BMC Microbiol. 2012 Sep 25;12:219. doi: 10.1186/1471-2180-12-219.
Staphylococcus aureus secretes EsxA and EsxB, two small polypeptides of the WXG100 family of proteins. Genetic analyses have shown that production and secretion of EsxA and EsxB require an intact ESAT-6 Secretion System (ESS), a cluster of genes that is conserved in many Firmicutes and encompasses esxA and esxB . Here, we characterize EssB, one of the proteins encoded by the ESS cluster. EssB is highly conserved in Gram-positive bacteria and belongs to the Cluster of Orthologous Groups of protein COG4499 with no known function.
By generating an internal deletion in essB , we demonstrate that EssB is required for secretion of EsxA. We use a polyclonal antibody to identify EssB and show that the protein fractionates with the plasma membrane of S. aureus . Yet, when produced in Escherichia coli, EssB remains mostly soluble and the purified protein assembles into a highly organized oligomer that can be visualized by electron microscopy. Production of truncated EssB variants in wild-type S. aureus confers a dominant negative phenotype on EsxA secretion.
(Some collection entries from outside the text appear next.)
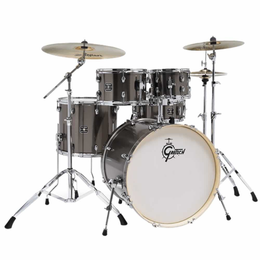 Bombo de 22″ x 18″. Tarola de 14″ x 5.5″. Tom de aire de 10” x 7”. Tom de aire de 12″ x 8″. Tom de piso de 16” x 14”.
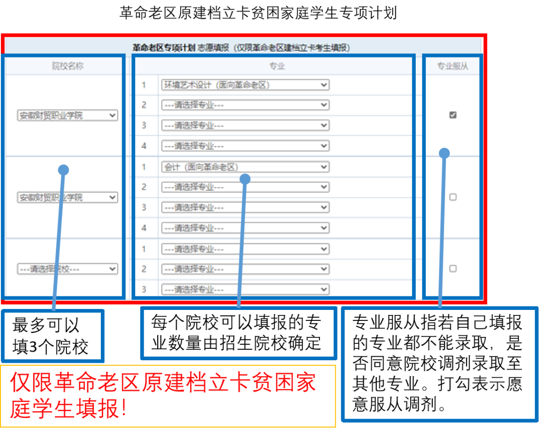 5. 志愿信息一旦提交,将无法修改,务必仔细阅读院校招生章程或咨询招生院校,了解院校、专业报考要求后再填报,以免志愿无效。
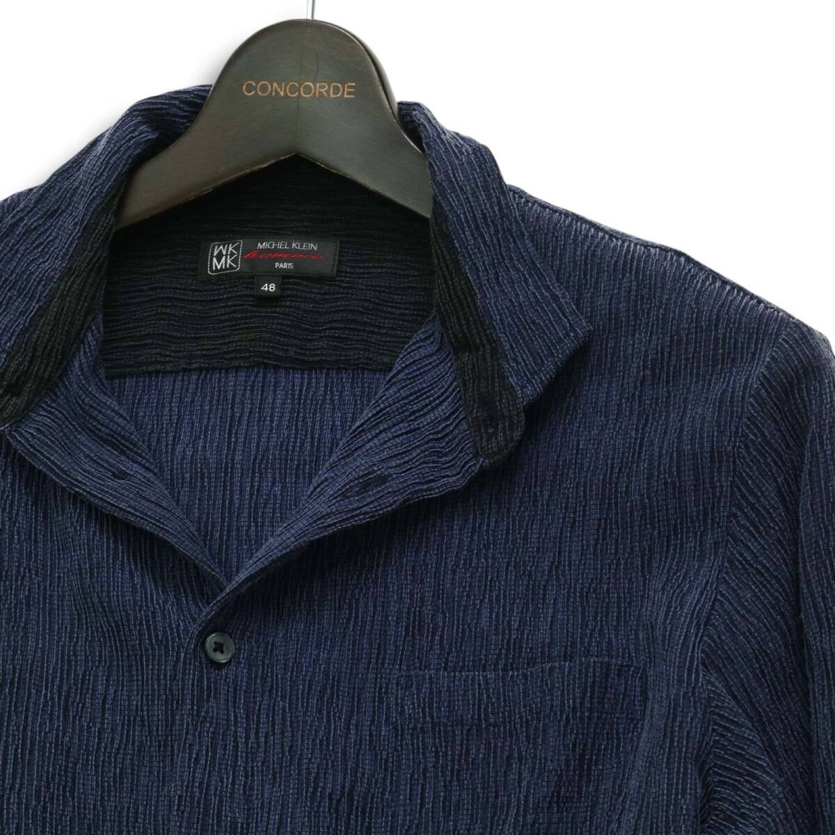 MK HOMME ミッシェルクラン オム 春夏★ 7分袖 ドライ 楊柳 スリム シャツ Sz.48 メンズ 紺 ネイビー
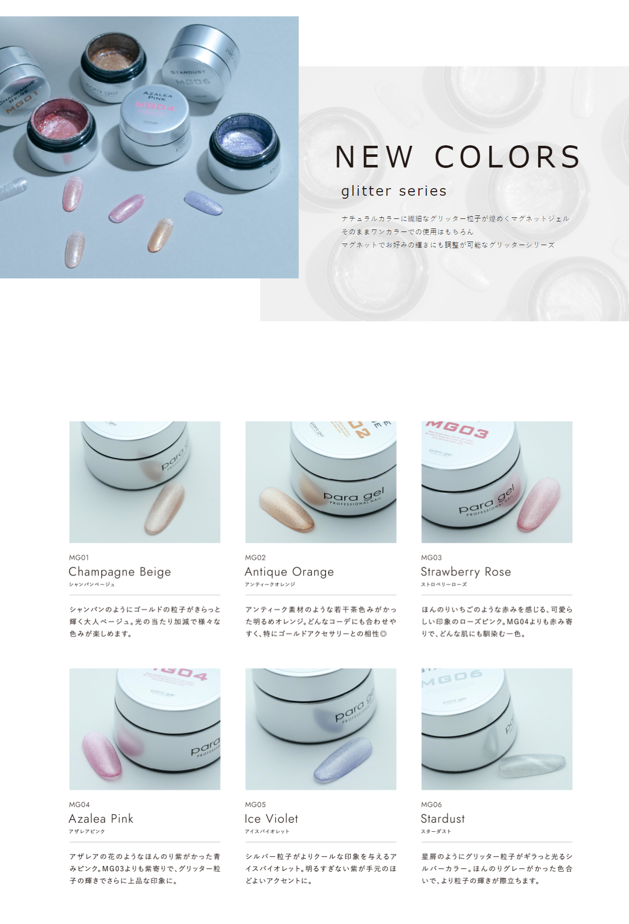 そのままワンカラーでの使用はもちろんマグネットでお好みの輝きにも調整が可能なグリッターシリーズです。
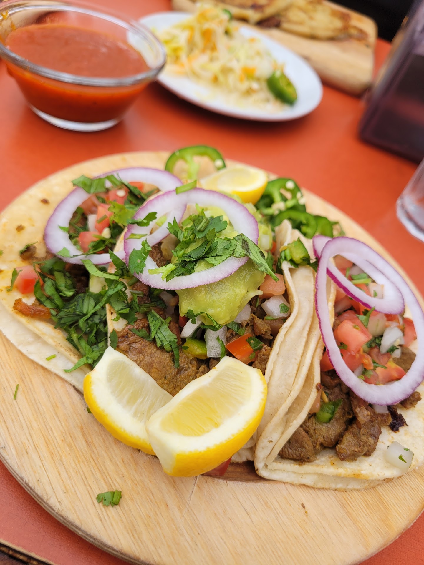 Read moreI found the food to be unique & delicious. They don't skimp out on ingredients & give you a good portion. The plating is also beautiful. A big location. They have a decent seating section inside & plenty of seating outside. So what I got from the flavors was not your typical Hispanic taste. It has an Indian influence to it (not complaining, I love the uniqueness of it). There is no pork here because it is a Halal spot. The chicken pupusa is made from ground chicken it seems with tumeric, the loroco is just loroco & cheese. Overall they were cheesy & not dry at all. The tacos de carne also was not your average carne. Had a hint of tumeric & came with red onions, jalapeños, guac & 3 wedges of lemon. I have no complaints about the food. However the service is pretty shady. I asked for water & they kept insisting on me getting one of their drinks or at least a bottled water. I said I just wanted tap water. Ended up getting charged $1.50 for the water. They charge you gratuity which supposedly doesn't go to the wait staff but to the owners themselves? They couldn't even explain where the gratuity goes to.
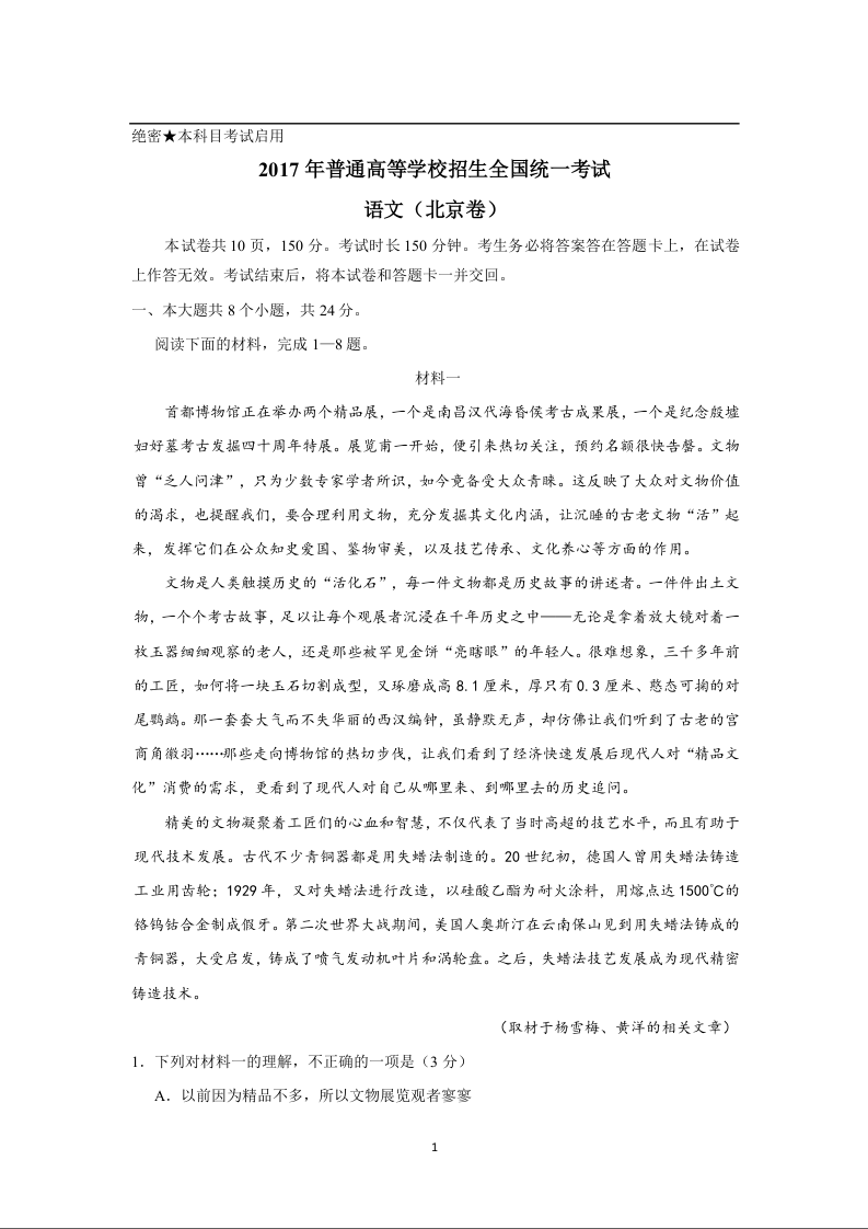 2017年北京高考语文试题及答案
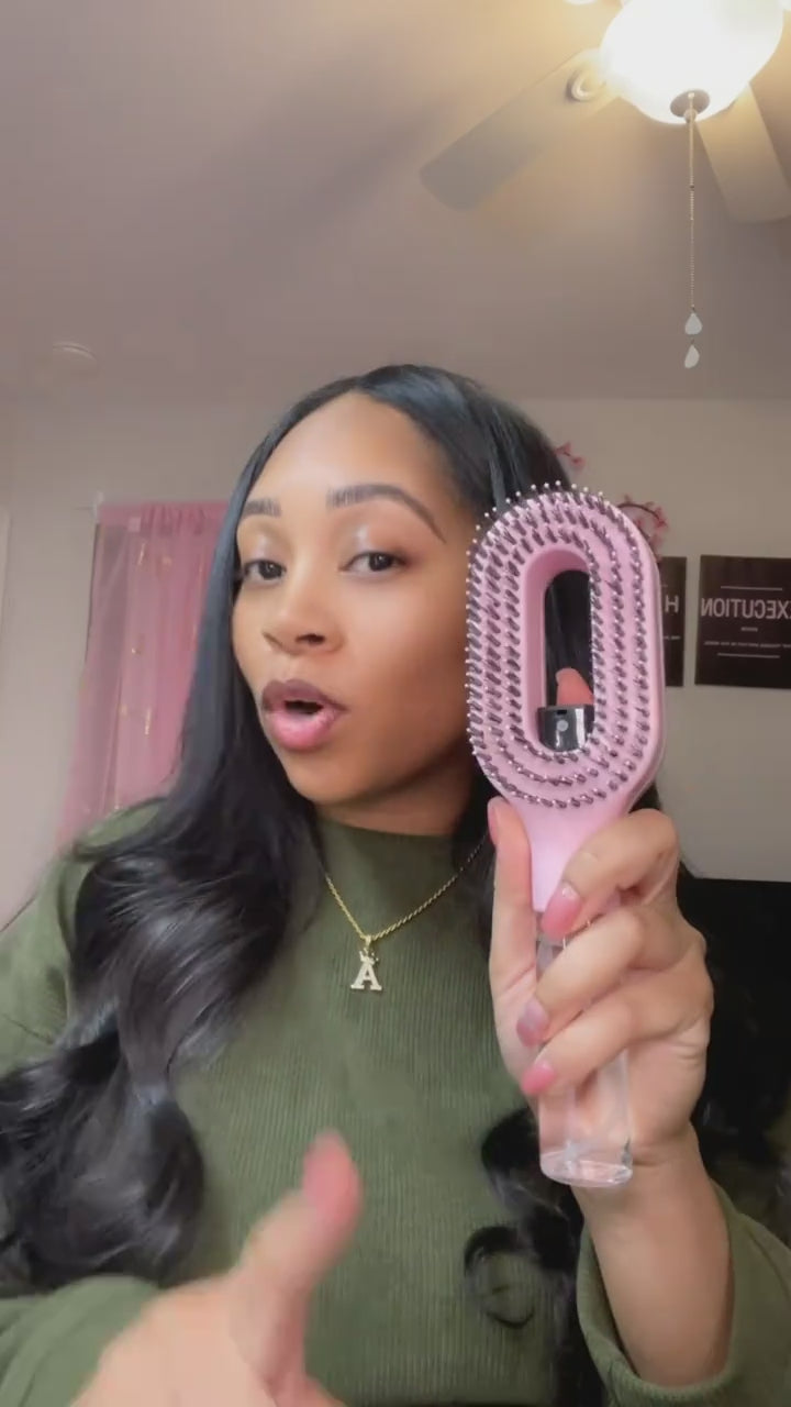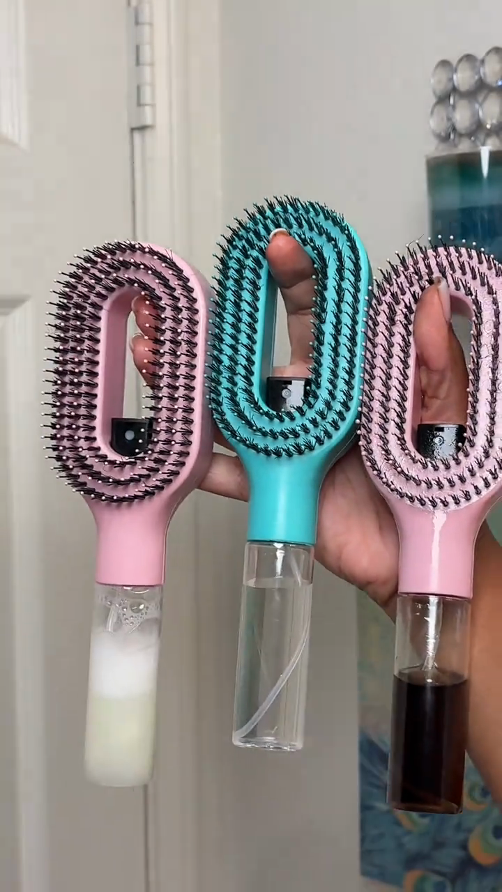 Brosse capillaire 2-en-1 avec pulvérisateur intégré, peigne démêlant et fonction massage du cuir chevelu. Équipée d’un réservoir compatible eau ou huiles essentielles, elle diffuse un brouillard fin et uniforme
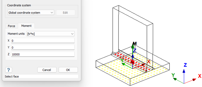 両側すみ肉溶接で梁をつなぐ溶接のスロートに沿った応力成分を計算します。下図のように垂直な板の底面に、z軸方向に1e7N・mmのモーメントを加え、底板で拘束します。
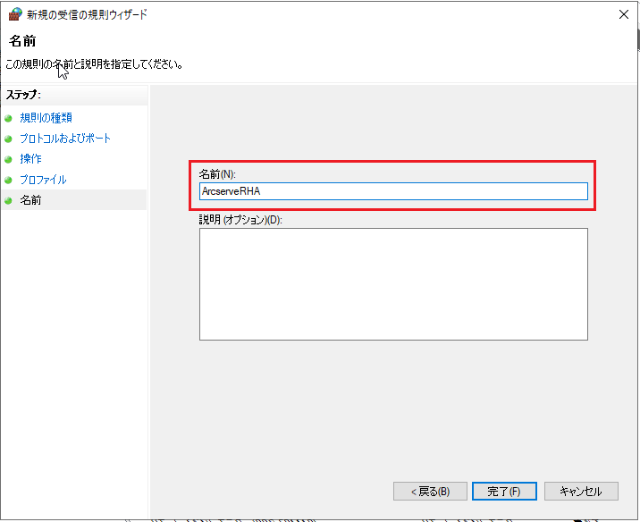 「操作」>「新しい規則」>「ポート」で、「TCP 特定のポート:25000」、「接続を許可する」を選択し、「ドメイン」、「プライベート」、「パブリック」にチェックを入れ、名前に「ArcseveRHA」と記入し、完了ボタンをクリックします。
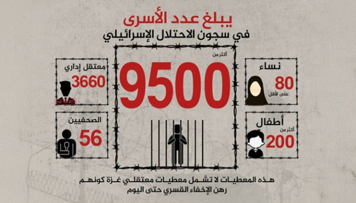 ويقبع في السجون الإسرائيلية نحو 9900 أسير فلسطيني، موزعين على 22 سجنا داخل الأراضي المحتلة تابعة لمصلحة السجون، والعديد من معسكرات الاعتقال التابعة للجيش الإسرائيلي.
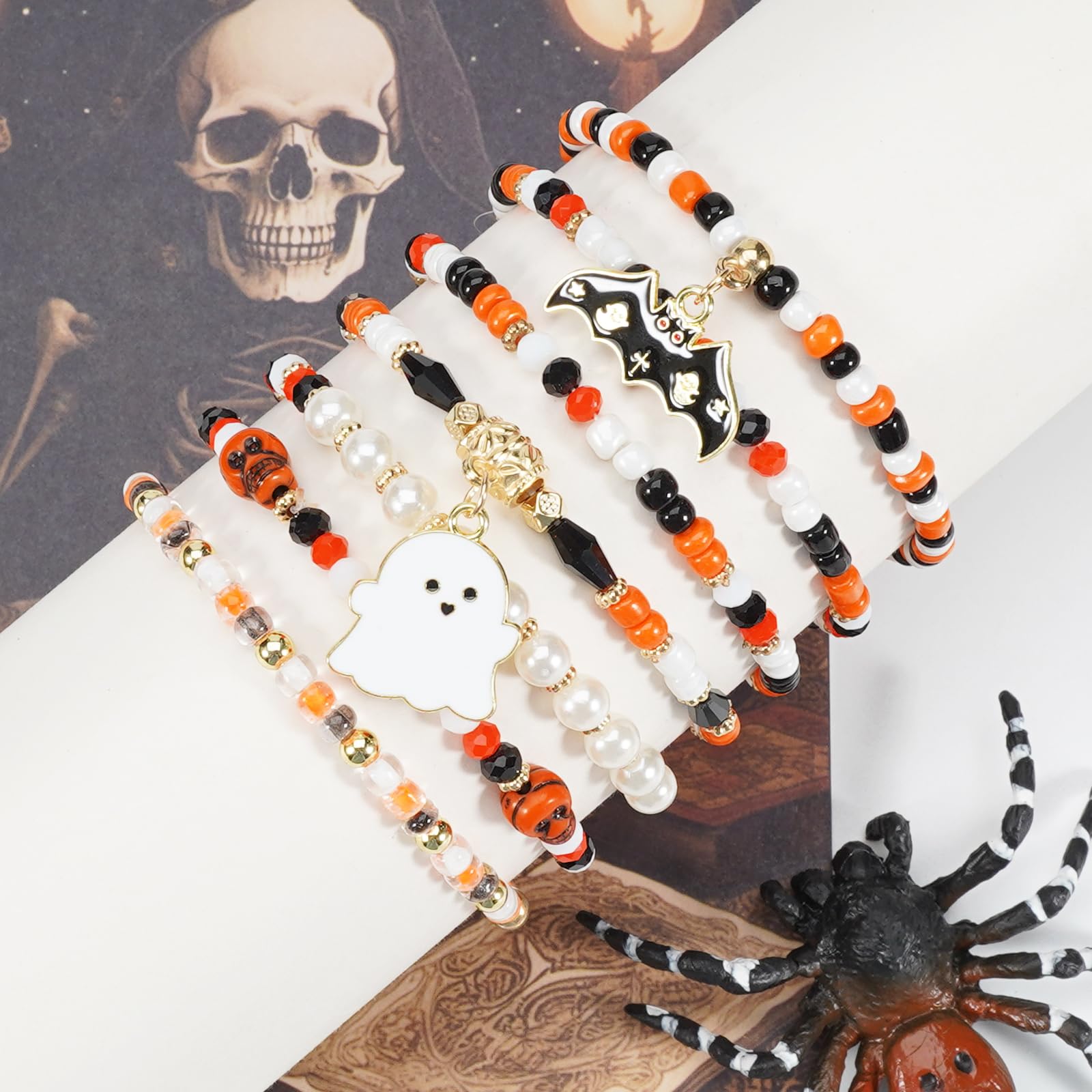 Lonext Halloween Bracelets Ghost Pumpkin Skull Skeleton Bat Spooky Bracelet for Women Boho Stretch Stack Bead Charm Heishi Bracelet
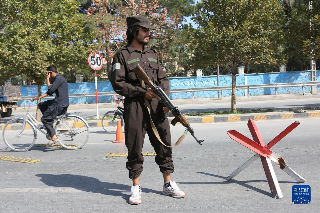 9月5日,阿富汗安全人員在喀布爾爆炸現場附近警戒。
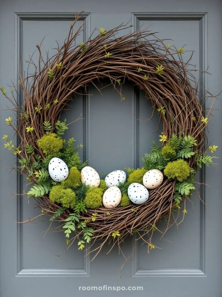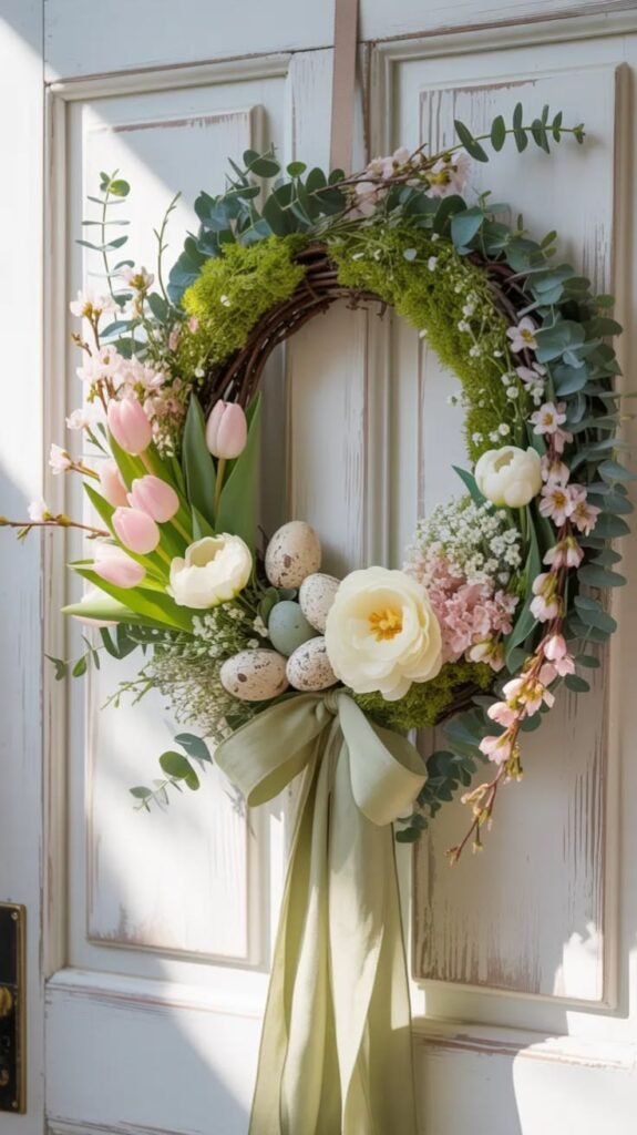 This wreath keeps it simple. Use eucalyptus, olive branches, or boxwood. Add a tiny cluster of white eggs for a subtle Easter touch.
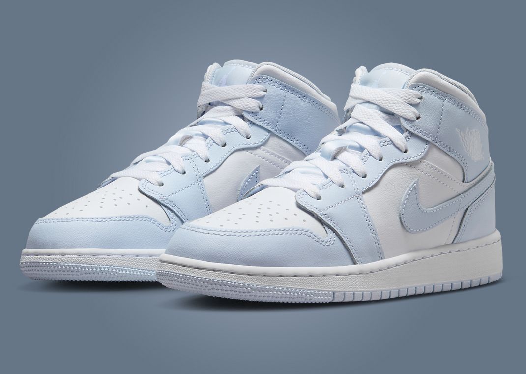 The kids' exclusive Air Jordan 1 Mid Cobalt Bliss showcases a delightful blend of soft white and light blue hues. The sneaker's base features white leather underlays paired with cobalt bliss overlays. The iconic Wings logo, embossed in white, is on the ankle. The design is completed with a white midsole atop a cobalt bliss-colored solid rubber outsole.
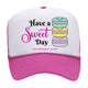 100% Polyester Front 100% Polyester Mesh Back The Traditional Look 5-panel cap Seamless Foam Front Panel with Lining Matching Color Braid 8 Rows Stitching on Visor Matching Fabric Undervisor Matching Color Sweatband Plastic Adjustable Snap
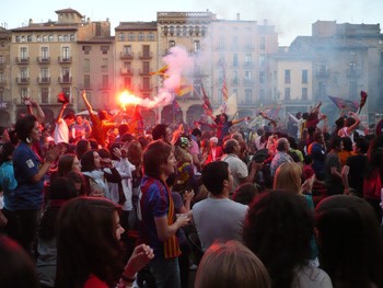 Milers daficionats osonencs es van aplegar dimecres en places, pavellons esportius, restaurants o casals culturals per veure ahir en pantalla gegant el partit entre el Barça i el Manchester United a la final de la Lliga de Campions.
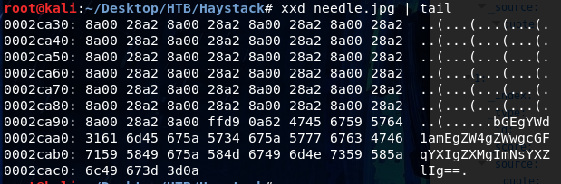 Ok time to take another step back. During initial enumeration I did quickly take a look at port 80. All there was is a jpg and quick look at the source didn't turn anything up. Considering the box is called Haystack and the picture was ominously named needle.jpg I figured it warranted a closer look. Sure enough within 30 seconds I find something very interesting.
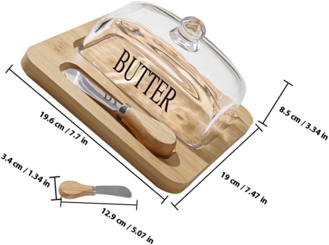 Package Include 1 x butter tray 1 x dome 1 x cutter Characteristics -Material:Wood, glass, stainless steel -Product Info:Butter box -Color:Transparent -Size:12.90X3.40X2.00cm/5.07X1.34X0.79in -Size:19.60X19.00X8.50cm/7.70X7.47X3.34in - The lid helps to keep the butter stick or margarine fresh in the freezer, without mixing the odor of other foods covered butter dish. - Simple appearance and good workmanship ensuring its popularity and practicality counter top butter keeper. - The butter container with lid is suitable for most brands of butter, brings great convenience for you. butter counter holder - Our is used for holding butter, and can also be put in the freezer for next cooking prepare covered butter dish with lid. - Save your time and keep the butter fresh, convenient for home bakery and cooking homemade butter container.Goods Descriptionbutter tray with lid Features the good material, which has high durability, not easy to deform.butter dish with dome This Butter Storage Case is made of wood material with clear glass dome and stainless steel cutter tool, which can withstand the lasting use.butter dishes Fine workmanship, it ensuring the practicality
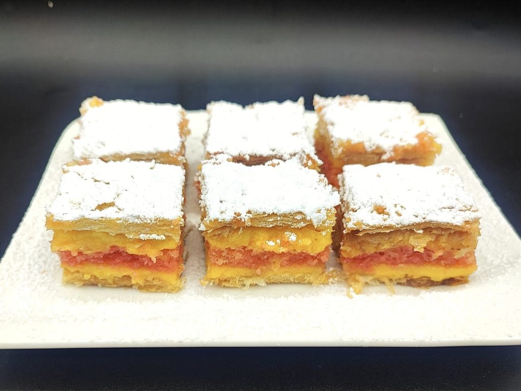 Un gran clásico italiano que nunca falta en las pastelerías, dos capas de hojaldre con dos capas de crema pastelera y en medio bizcocho empapado con alchermes, ¡una delicia! Una receta muy sencilla de preparar pero la dificultad en este caso está en el corte, os he mostrado en el vídeo mi método para cortar de forma más sencilla el diplomático!

The data presented here support the notion that EssB may oligomerize and interact with other membrane components to form the WXG100-specific translocon in S. aureus .
金黄色葡萄球菌分泌 EsxA 和 EsxB,这两种小的 WXG100 家族蛋白多肽。遗传分析表明,EsxA 和 EsxB 的产生和分泌需要一个完整的 ESAT-6 分泌系统(ESS),这是一组在许多 Firmicutes 中保守的基因,包含 esxA 和 esxB。在这里,我们描述了 ESS 簇编码的蛋白之一 EssB。EssB 在革兰氏阳性菌中高度保守,属于 COG4499 蛋白的同源簇,没有已知的功能。
通过在 essB 中产生内部缺失,我们证明 EssB 是 EsxA 分泌所必需的。我们使用多克隆抗体来鉴定 EssB,并表明该蛋白与金黄色葡萄球菌的质膜分离。然而,当在大肠杆菌中产生时,EssB 仍然主要是可溶的,并且纯化的蛋白组装成高度有序的寡聚物,可以通过电子显微镜观察到。在野生型金黄色葡萄球菌中产生截短的 EssB 变体赋予 EsxA 分泌显性负表型。
这里提出的的数据支持这样的观点,即 EssB 可能寡聚化并与其他膜成分相互作用,在金黄色葡萄球菌中形成 WXG100 特异性转位体。